* Records supplied:
▶
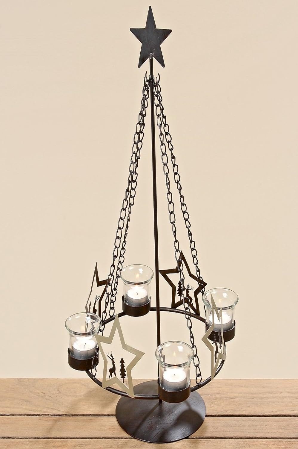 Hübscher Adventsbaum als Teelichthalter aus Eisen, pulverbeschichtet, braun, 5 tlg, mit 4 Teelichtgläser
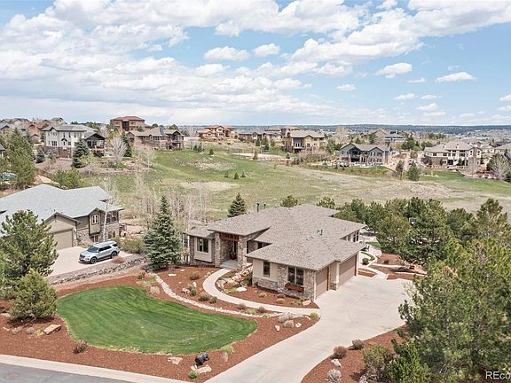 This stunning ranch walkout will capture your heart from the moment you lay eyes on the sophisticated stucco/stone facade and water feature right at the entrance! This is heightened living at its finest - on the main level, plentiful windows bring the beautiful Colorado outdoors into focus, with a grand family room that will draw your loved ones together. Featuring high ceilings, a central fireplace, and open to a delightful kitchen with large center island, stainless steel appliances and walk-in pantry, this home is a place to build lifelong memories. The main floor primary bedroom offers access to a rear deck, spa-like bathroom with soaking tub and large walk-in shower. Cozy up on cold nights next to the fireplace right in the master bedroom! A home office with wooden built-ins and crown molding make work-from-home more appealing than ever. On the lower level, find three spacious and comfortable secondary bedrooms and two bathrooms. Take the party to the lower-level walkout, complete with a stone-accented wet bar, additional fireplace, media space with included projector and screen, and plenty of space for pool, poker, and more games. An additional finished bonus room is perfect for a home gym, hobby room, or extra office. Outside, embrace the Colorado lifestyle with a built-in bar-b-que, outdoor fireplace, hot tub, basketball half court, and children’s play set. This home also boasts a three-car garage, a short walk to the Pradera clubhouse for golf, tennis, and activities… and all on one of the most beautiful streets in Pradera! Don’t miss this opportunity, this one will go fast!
◀
▶
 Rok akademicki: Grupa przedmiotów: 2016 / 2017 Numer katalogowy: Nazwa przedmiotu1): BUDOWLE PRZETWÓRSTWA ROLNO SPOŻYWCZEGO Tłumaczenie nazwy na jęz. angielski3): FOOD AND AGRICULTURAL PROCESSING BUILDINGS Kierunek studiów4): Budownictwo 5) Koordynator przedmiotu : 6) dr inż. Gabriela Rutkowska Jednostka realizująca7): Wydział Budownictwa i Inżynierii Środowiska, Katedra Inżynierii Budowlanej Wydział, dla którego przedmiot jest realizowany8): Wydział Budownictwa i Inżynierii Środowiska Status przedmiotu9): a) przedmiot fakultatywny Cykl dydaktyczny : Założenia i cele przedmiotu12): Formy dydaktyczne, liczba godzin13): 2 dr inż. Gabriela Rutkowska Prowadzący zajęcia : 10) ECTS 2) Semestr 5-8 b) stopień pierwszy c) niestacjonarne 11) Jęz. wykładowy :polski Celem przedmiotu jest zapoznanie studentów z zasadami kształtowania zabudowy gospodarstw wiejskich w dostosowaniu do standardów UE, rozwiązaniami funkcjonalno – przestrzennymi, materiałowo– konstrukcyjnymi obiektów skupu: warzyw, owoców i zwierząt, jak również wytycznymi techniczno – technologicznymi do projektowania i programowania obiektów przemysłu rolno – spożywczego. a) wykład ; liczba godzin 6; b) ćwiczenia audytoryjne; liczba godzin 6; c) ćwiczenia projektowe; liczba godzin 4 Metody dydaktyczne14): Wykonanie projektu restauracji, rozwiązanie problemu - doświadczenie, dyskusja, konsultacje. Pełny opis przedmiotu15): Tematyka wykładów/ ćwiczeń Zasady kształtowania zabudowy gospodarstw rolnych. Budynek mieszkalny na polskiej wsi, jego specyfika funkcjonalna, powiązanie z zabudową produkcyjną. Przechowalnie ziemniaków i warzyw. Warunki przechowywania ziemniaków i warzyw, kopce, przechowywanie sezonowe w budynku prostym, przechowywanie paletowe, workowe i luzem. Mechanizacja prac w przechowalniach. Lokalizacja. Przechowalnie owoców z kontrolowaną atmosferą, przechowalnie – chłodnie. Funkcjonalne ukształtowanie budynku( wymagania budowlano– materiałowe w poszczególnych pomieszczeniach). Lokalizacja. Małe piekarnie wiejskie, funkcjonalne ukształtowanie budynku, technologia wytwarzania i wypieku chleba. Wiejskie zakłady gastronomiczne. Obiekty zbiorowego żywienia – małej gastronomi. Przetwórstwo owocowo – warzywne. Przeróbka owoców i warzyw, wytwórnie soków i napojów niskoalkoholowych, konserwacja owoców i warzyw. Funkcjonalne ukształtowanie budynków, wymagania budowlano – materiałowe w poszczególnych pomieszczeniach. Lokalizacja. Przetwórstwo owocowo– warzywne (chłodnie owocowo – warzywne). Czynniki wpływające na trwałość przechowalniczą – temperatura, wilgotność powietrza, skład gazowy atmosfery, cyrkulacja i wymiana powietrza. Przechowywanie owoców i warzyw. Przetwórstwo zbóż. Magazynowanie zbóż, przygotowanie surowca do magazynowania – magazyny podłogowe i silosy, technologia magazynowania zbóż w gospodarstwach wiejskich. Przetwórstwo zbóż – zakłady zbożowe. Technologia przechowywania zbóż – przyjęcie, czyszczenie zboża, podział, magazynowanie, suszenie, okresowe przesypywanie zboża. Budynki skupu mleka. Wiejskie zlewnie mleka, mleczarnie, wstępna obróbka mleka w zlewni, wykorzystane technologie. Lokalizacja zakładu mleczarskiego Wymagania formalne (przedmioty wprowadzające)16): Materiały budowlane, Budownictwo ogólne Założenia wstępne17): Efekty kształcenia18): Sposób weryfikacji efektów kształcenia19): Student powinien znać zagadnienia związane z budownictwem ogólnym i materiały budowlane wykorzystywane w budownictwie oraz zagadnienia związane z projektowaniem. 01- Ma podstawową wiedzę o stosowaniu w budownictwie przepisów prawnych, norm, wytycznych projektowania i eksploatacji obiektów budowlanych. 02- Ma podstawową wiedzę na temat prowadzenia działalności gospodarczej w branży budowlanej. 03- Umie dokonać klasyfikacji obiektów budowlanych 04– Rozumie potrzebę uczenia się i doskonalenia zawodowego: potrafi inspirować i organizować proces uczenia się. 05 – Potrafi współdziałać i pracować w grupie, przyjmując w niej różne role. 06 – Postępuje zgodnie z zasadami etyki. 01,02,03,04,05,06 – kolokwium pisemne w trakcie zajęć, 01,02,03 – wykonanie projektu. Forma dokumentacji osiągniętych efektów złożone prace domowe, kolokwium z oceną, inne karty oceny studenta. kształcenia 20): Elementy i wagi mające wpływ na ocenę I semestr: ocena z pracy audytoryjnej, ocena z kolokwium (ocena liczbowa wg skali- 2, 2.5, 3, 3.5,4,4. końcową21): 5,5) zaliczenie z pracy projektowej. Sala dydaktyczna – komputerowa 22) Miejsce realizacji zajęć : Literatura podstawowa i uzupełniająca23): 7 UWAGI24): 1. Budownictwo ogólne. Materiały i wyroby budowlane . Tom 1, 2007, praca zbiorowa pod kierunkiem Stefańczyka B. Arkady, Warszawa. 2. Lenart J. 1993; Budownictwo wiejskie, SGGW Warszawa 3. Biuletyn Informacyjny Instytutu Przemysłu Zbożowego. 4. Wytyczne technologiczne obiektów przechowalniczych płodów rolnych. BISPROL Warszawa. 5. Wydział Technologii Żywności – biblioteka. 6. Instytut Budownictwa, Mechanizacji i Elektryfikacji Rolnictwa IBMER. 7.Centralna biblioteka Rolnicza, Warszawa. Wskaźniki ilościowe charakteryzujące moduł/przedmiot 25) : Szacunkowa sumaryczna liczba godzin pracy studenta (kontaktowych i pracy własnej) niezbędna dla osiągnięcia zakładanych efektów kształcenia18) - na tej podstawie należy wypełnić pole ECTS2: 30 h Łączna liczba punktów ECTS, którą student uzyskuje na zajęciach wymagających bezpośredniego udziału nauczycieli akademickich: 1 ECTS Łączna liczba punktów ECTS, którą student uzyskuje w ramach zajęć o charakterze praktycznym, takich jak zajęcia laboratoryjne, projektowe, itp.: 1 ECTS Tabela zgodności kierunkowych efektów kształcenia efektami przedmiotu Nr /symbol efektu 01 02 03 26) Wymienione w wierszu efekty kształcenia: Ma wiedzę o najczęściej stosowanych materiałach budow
◀
* Goal of the exercise:
Repeat exactly the lines above, from the line that contains "Hübscher Adventsbaum als" down through the line that contains "This stunning ranch". Include both of those lines and none of the pictures.

* Expected output:
 Hübscher Adventsbaum als Teelichthalter aus Eisen, pulverbeschichtet, braun, 5 tlg, mit 4 Teelichtgläser
 This stunning ranch walkout will capture your heart from the moment you lay eyes on the sophisticated stucco/stone facade and water feature right at the entrance! This is heightened living at its finest - on the main level, plentiful windows bring the beautiful Colorado outdoors into focus, with a grand family room that will draw your loved ones together. Featuring high ceilings, a central fireplace, and open to a delightful kitchen with large center island, stainless steel appliances and walk-in pantry, this home is a place to build lifelong memories. The main floor primary bedroom offers access to a rear deck, spa-like bathroom with soaking tub and large walk-in shower. Cozy up on cold nights next to the fireplace right in the master bedroom! A home office with wooden built-ins and crown molding make work-from-home more appealing than ever. On the lower level, find three spacious and comfortable secondary bedrooms and two bathrooms. Take the party to the lower-level walkout, complete with a stone-accented wet bar, additional fireplace, media space with included projector and screen, and plenty of space for pool, poker, and more games. An additional finished bonus room is perfect for a home gym, hobby room, or extra office. Outside, embrace the Colorado lifestyle with a built-in bar-b-que, outdoor fireplace, hot tub, basketball half court, and children’s play set. This home also boasts a three-car garage, a short walk to the Pradera clubhouse for golf, tennis, and activities… and all on one of the most beautiful streets in Pradera! Don’t miss this opportunity, this one will go fast!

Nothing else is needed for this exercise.